━━ Data to process

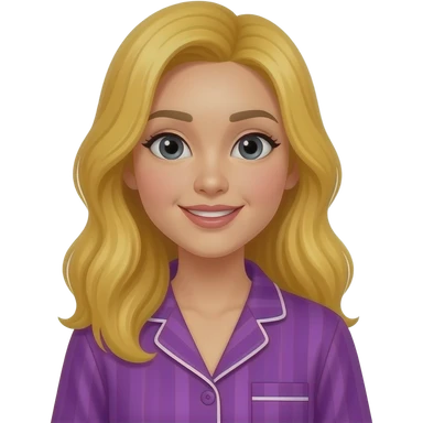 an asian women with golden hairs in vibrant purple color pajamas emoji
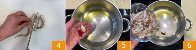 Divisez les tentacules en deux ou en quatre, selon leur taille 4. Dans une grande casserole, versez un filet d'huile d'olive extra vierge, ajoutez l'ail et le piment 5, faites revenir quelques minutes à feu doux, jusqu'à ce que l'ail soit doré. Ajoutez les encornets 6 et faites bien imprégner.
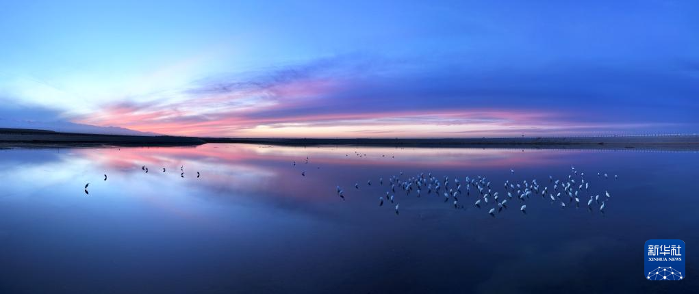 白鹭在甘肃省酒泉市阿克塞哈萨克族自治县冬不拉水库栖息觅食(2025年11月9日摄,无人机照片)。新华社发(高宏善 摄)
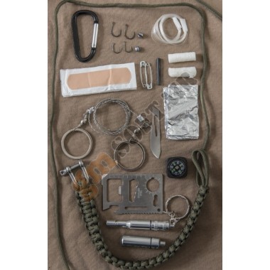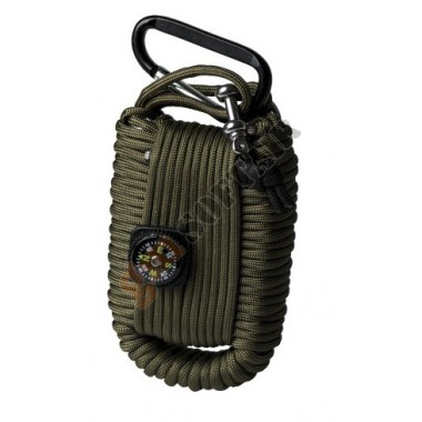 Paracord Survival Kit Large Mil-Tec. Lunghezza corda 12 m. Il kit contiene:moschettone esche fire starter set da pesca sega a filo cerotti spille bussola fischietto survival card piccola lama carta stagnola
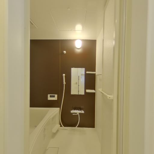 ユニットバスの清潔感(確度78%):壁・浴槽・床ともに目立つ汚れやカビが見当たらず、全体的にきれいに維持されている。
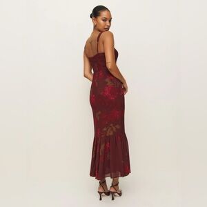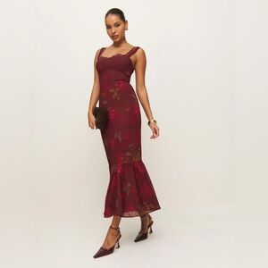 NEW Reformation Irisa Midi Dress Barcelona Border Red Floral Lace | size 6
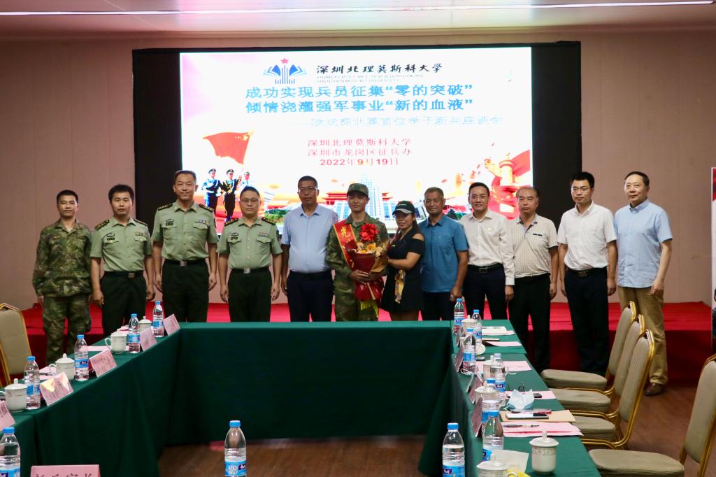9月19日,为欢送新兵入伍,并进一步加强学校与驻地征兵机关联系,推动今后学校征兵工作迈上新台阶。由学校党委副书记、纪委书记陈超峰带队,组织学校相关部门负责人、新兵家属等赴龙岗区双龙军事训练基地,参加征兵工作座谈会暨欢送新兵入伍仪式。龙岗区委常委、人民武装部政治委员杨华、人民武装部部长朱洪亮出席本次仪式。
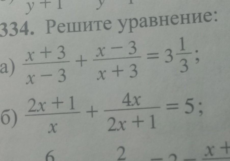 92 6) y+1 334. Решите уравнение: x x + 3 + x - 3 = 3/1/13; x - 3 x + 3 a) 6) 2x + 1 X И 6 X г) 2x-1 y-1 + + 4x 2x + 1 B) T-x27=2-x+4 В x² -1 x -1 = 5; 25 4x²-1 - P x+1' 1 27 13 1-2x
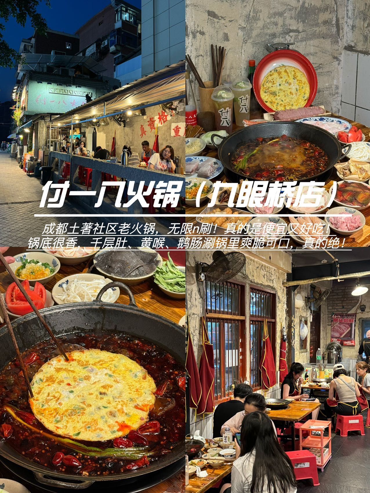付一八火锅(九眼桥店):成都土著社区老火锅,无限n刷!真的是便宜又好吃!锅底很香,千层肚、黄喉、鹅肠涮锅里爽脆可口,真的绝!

━━━━
━━ Data to process

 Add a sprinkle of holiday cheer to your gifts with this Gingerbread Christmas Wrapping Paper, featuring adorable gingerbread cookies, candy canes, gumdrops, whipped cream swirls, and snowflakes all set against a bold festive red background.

━━━━
━━ Data to process

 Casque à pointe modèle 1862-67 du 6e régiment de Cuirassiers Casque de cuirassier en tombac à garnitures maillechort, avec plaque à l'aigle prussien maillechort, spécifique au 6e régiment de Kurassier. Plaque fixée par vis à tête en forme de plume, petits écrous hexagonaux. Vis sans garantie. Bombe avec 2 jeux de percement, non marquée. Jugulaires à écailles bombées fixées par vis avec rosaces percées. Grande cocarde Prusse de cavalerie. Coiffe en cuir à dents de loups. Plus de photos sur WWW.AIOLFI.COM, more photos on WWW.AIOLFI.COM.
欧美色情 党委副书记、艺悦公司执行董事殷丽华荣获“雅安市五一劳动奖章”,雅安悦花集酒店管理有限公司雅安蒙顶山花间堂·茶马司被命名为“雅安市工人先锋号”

━━━━

▸ **Required work**: The answer is the lines of the material above, from the one containing "Paracord Survival Kit Large Mil-Tec." down to the one containing "9月19日,为欢送新兵入伍,并进一步加强", given exactly and without images.

▸ **Answer to the problem**:
 Paracord Survival Kit Large Mil-Tec. Lunghezza corda 12 m. Il kit contiene:moschettone esche fire starter set da pesca sega a filo cerotti spille bussola fischietto survival card piccola lama carta stagnola
 ユニットバスの清潔感(確度78%):壁・浴槽・床ともに目立つ汚れやカビが見当たらず、全体的にきれいに維持されている。
 NEW Reformation Irisa Midi Dress Barcelona Border Red Floral Lace | size 6
9月19日,为欢送新兵入伍,并进一步加强学校与驻地征兵机关联系,推动今后学校征兵工作迈上新台阶。由学校党委副书记、纪委书记陈超峰带队,组织学校相关部门负责人、新兵家属等赴龙岗区双龙军事训练基地,参加征兵工作座谈会暨欢送新兵入伍仪式。龙岗区委常委、人民武装部政治委员杨华、人民武装部部长朱洪亮出席本次仪式。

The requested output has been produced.